TASK OBJECTIVE: Omit the pictures and return exactly the stretch of the material below from the line with "用手机沾取哑光浅米色眼影大面积涂在眼皮上,珠光色小范围画在双眼皮褶皱内。" through the line with "Tượng khủng long".
Start of Block
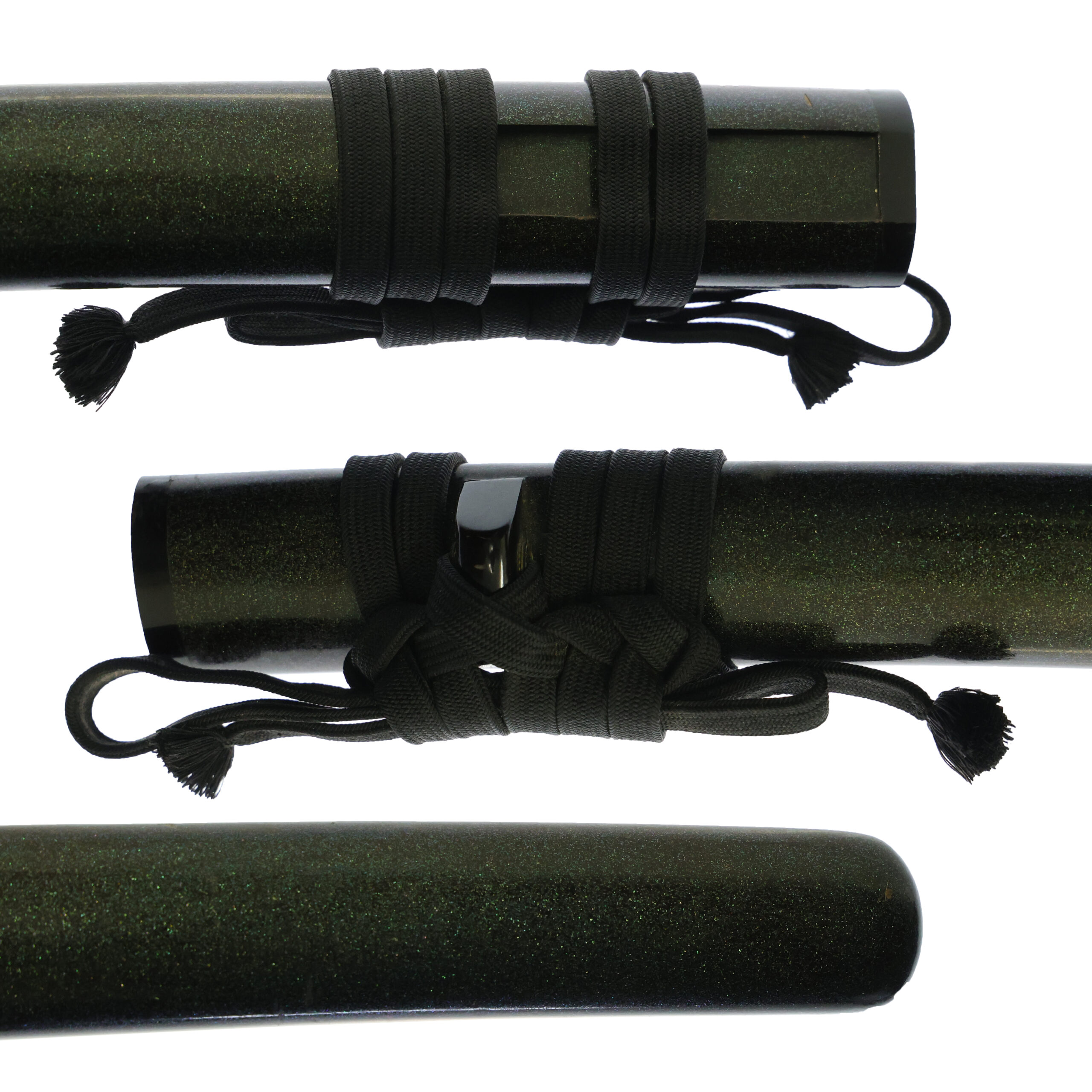 The scabbard (saya) features a refined black lacquer (黒漆, kuro-urushi) base accented with a beautiful blue-green mother-of-pearl bi-color design, creating an elegant and visually striking mounting.
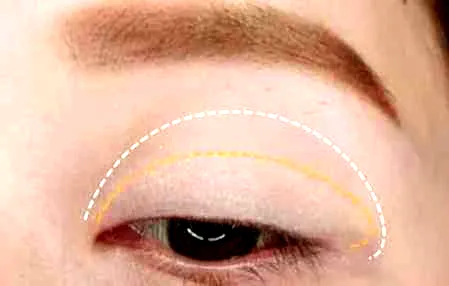 用手机沾取哑光浅米色眼影大面积涂在眼皮上,珠光色小范围画在双眼皮褶皱内。
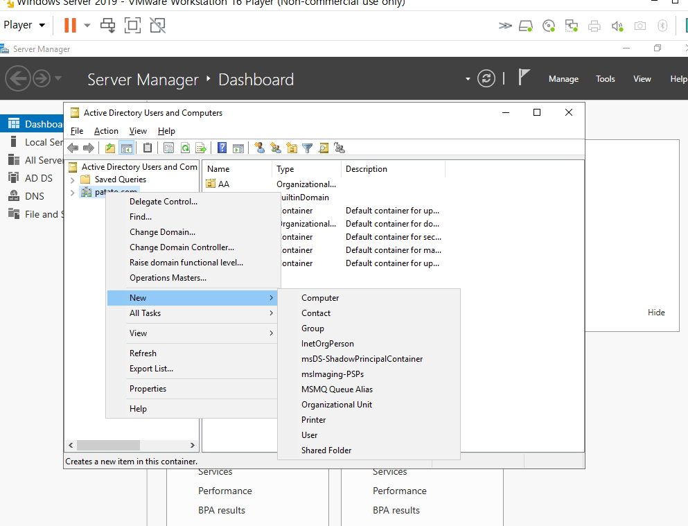 도메인을 마우스 오른쪽으로 클릭한 후 > NEW > Organizational Unit을 눌러주자.
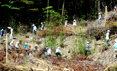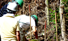 At "NTT West Midori Ippai Shionoe no Mori" in Kagawa, members have been engaging in activities to restore natural forests with biodiversity since 2014 by cutting down bamboos and planting wild cherries (yamazakura).
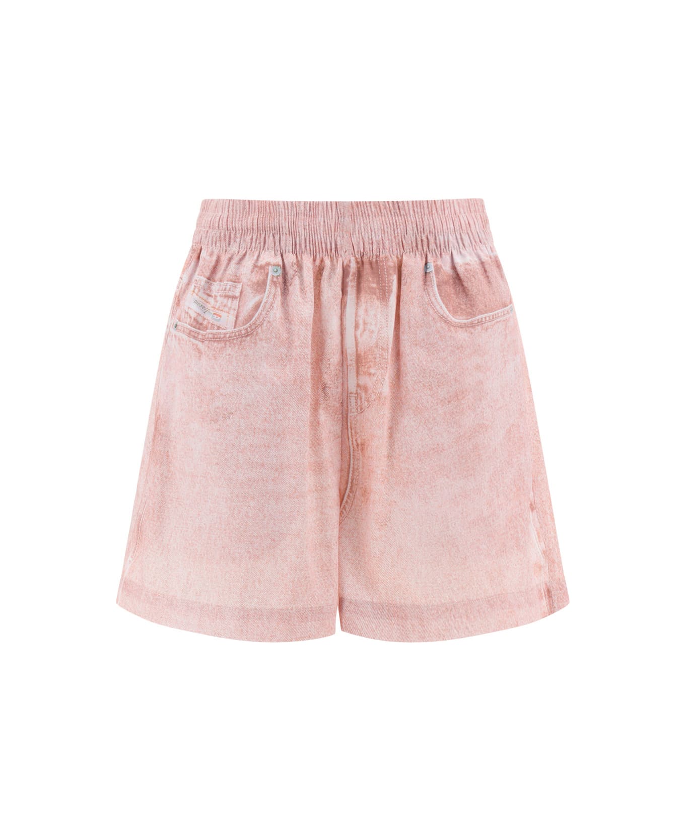 Shorts by diesel, elasticated waistband, all-over printed trompe-l'oeil jeans pattern, two side welt pockets, regular fit. Composition: 100% % Polyester
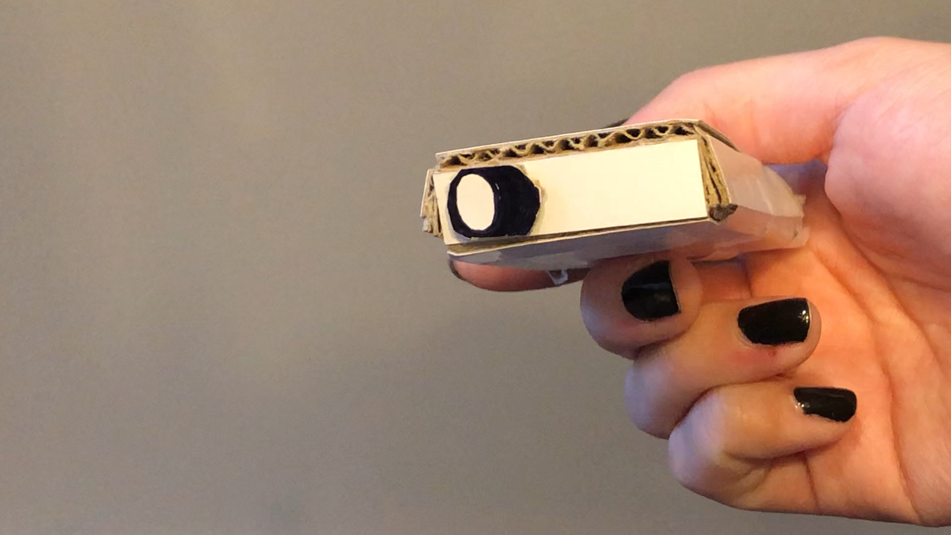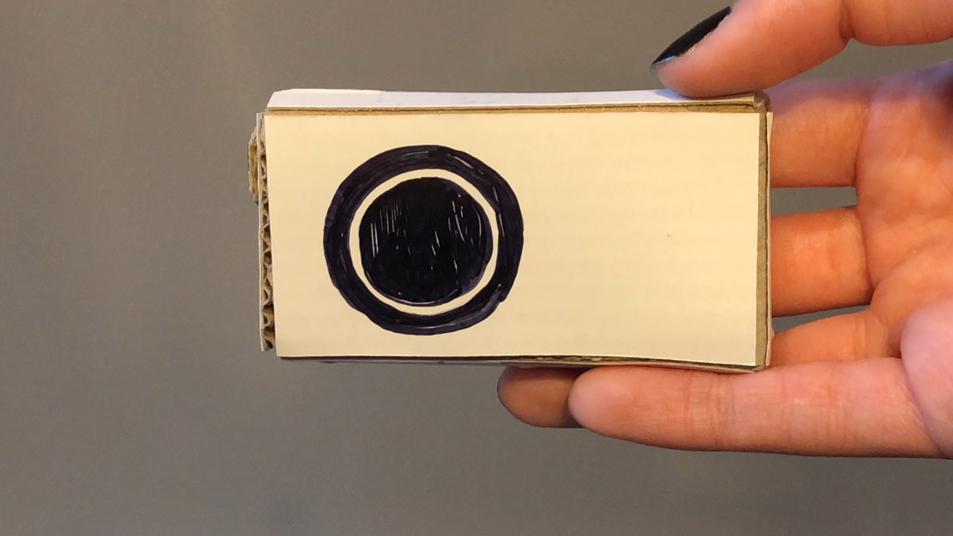 I quickly prototyped a small ‘camera’ using cardboard. I filled in the lens with a sharpie, and cut out a smaller circular shape to display a toggle button. This would reference whether or not the camera was on or off.
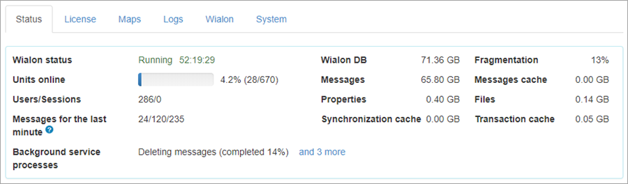 | Messages | The total size of all messages in the Wialon database. |
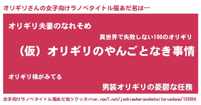 | 男性向けラノベタイトル風あだ名 | 『オリギリの憂鬱』 |
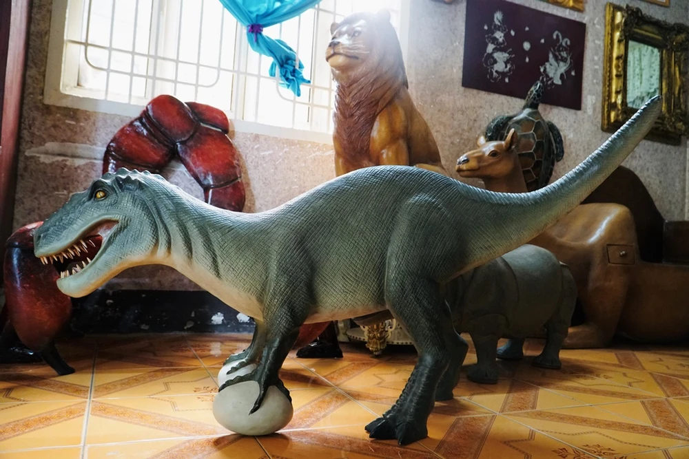 Tượng khủng long được anh tạo hình khá kỳ công và bắt mắt với thiết kế sinh động và chỉnh chu từ chi tiết mắt, mũi, miệng đến hàm răng.“Nó được làm toàn bộ từ bìa giấy carton nên khá nhẹ có thể nhấc bổng lên, đặc biệt có độ chịu lực khá tốt, từ 2 đến 3 người ngồi lên vẫn không sao”- anh Hải nói.
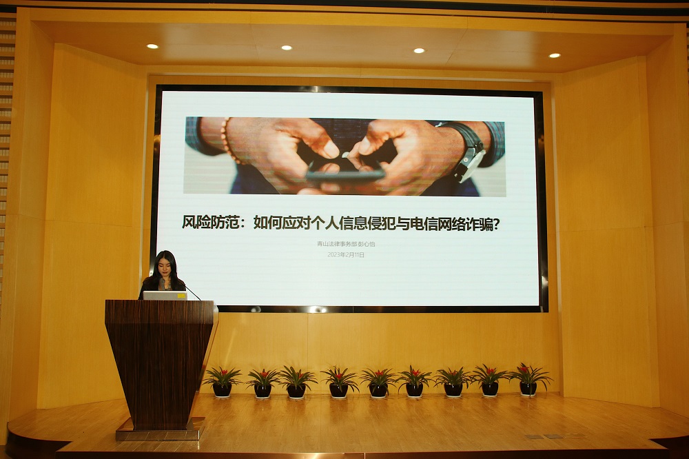 青山控股法律事務(wù)部法務(wù)專員彭心怡講述了如何應(yīng)對網(wǎng)絡(luò)詐騙與個人信息侵犯等相關(guān)知識,她從一個個日常生活中的鮮活案例入手,剖析了各類因網(wǎng)絡(luò)安全引起的典型事件,生動詮釋了網(wǎng)絡(luò)安全防范不足滋生的一系列問題、存在的安全威脅以及如何做好相關(guān)風(fēng)險的預(yù)防措施,使得在場參會人員受益匪淺。
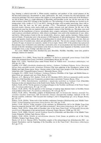 Ключевые фразы: среднее зауралье, кокшаровский торфяник, МЕЗОЛИТ, неолит, ЭНЕОЛИТ, каменный инвентарь, первобытная техника, минеральное сырье
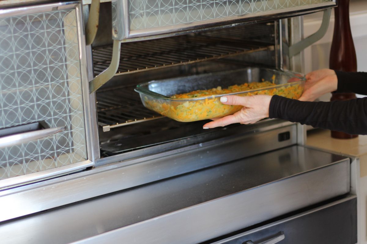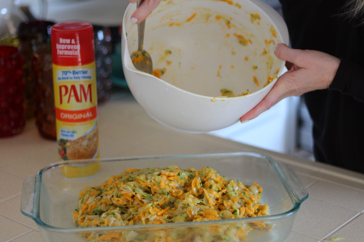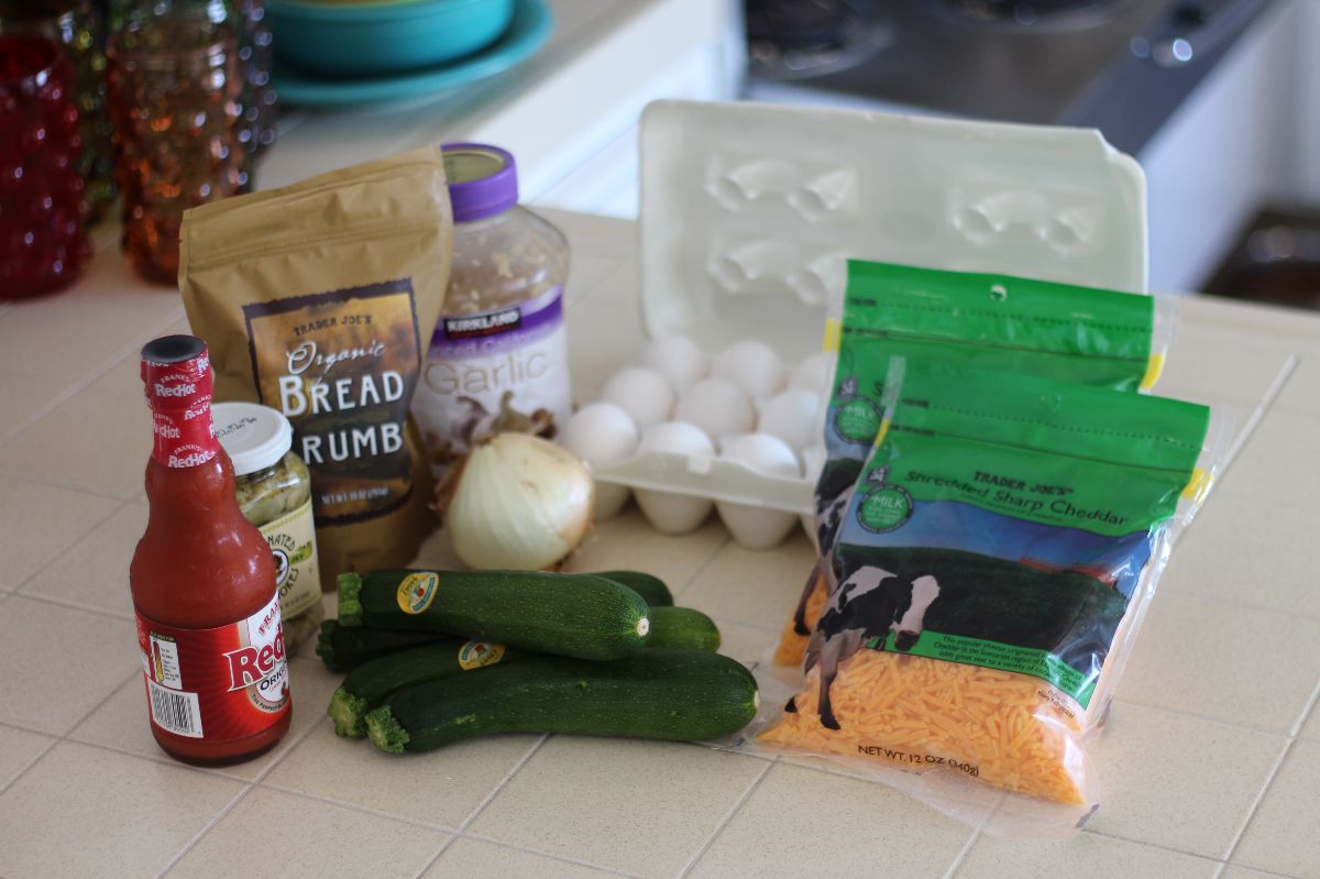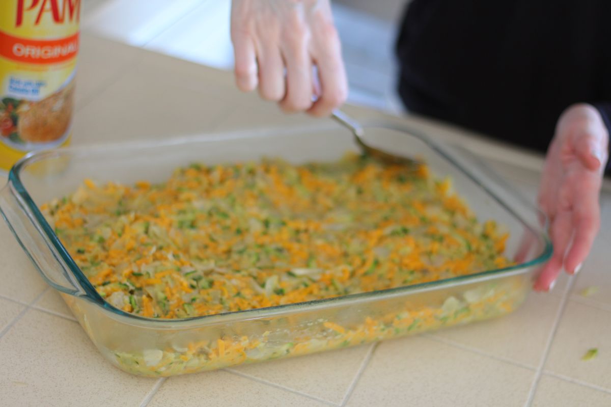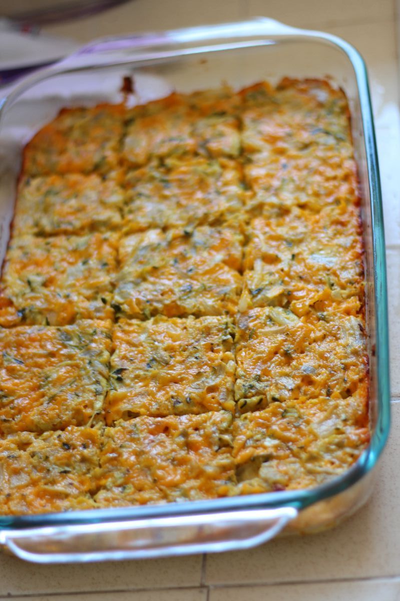 Start by sauteing 1 chopped onion and 1 clove of garlic in 2 tablespoons of juice from a 12 oz jar of marinated artichoke hearts then grate and add in 4 small zucchini and saute for about a minute. Let the sauteed mixture sit while you mix the following in a bowl: 4 beaten eggs, 16 ounces of grated sharp cheddar, a little hot sauce, a pinch of oregano and 2 tablespoons of bread crumbs (gluten-free bread crumbs work just as well). Chop up all of the artichoke hearts – without the remaining juice – and add to the bowl along with the sauteed mixture. Spoon it all into a greased 9 x 12 pan and smooth it out:
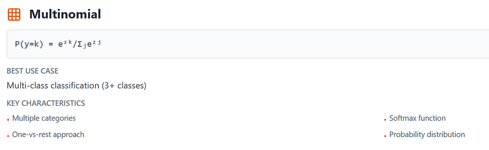 Predicts categories through probabilities
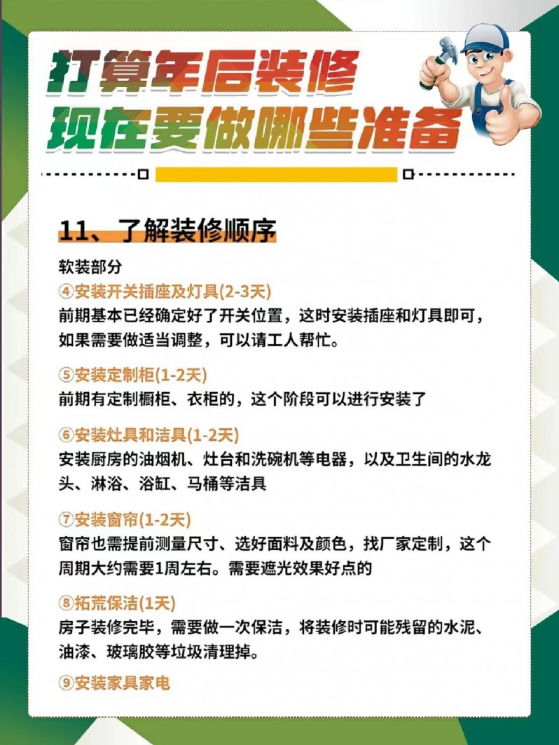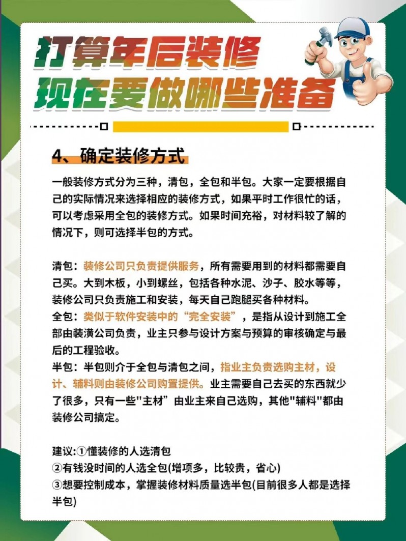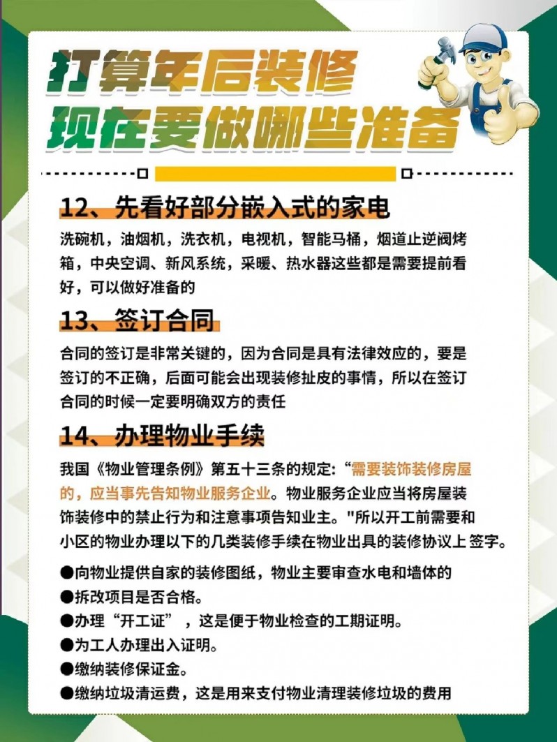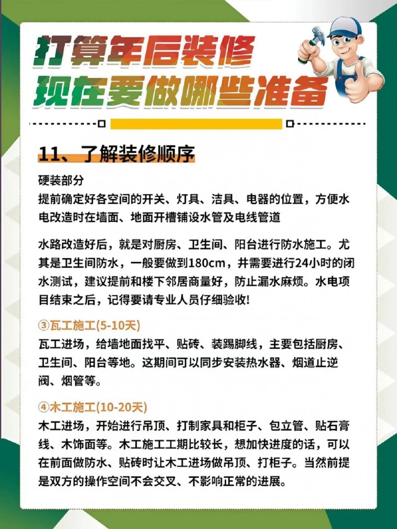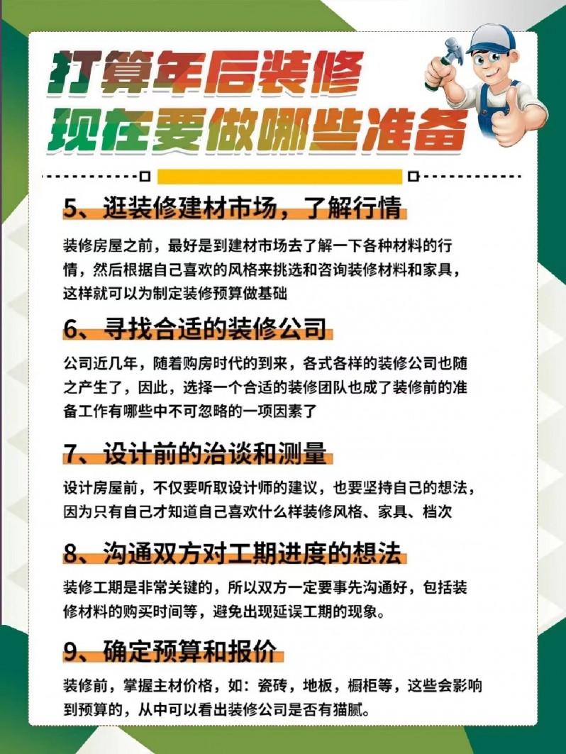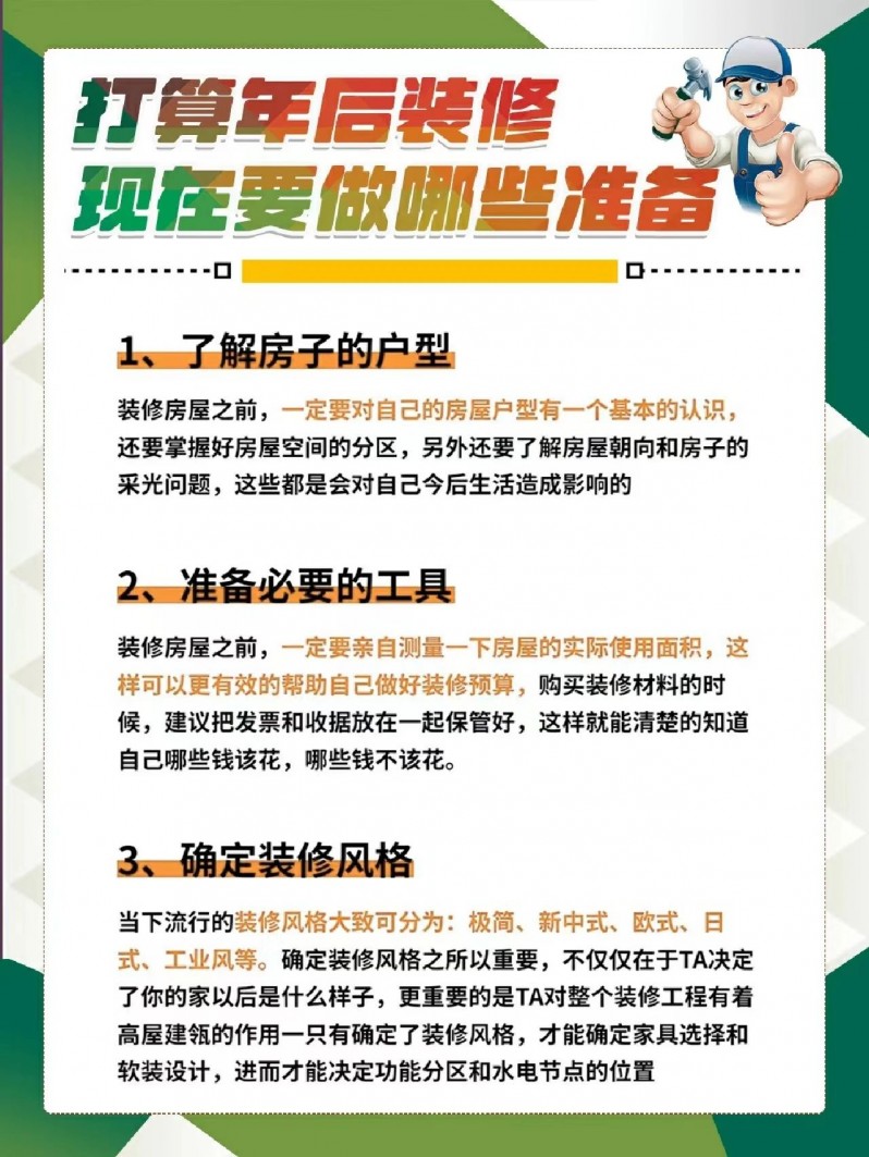 總之,如果大家準備年后就開工裝修的話,一定要做好提前準備,盡可能的避免裝修時因準備不足而犯錯!
End of Block
SOLUTION FOR THIS PROBLEM:
 用手机沾取哑光浅米色眼影大面积涂在眼皮上,珠光色小范围画在双眼皮褶皱内。
 도메인을 마우스 오른쪽으로 클릭한 후 > NEW > Organizational Unit을 눌러주자.
 At "NTT West Midori Ippai Shionoe no Mori" in Kagawa, members have been engaging in activities to restore natural forests with biodiversity since 2014 by cutting down bamboos and planting wild cherries (yamazakura).
 Shorts by diesel, elasticated waistband, all-over printed trompe-l'oeil jeans pattern, two side welt pockets, regular fit. Composition: 100% % Polyester
 I quickly prototyped a small ‘camera’ using cardboard. I filled in the lens with a sharpie, and cut out a smaller circular shape to display a toggle button. This would reference whether or not the camera was on or off.
 | Messages | The total size of all messages in the Wialon database. |
 | 男性向けラノベタイトル風あだ名 | 『オリギリの憂鬱』 |
 Tượng khủng long được anh tạo hình khá kỳ công và bắt mắt với thiết kế sinh động và chỉnh chu từ chi tiết mắt, mũi, miệng đến hàm răng.“Nó được làm toàn bộ từ bìa giấy carton nên khá nhẹ có thể nhấc bổng lên, đặc biệt có độ chịu lực khá tốt, từ 2 đến 3 người ngồi lên vẫn không sao”- anh Hải nói.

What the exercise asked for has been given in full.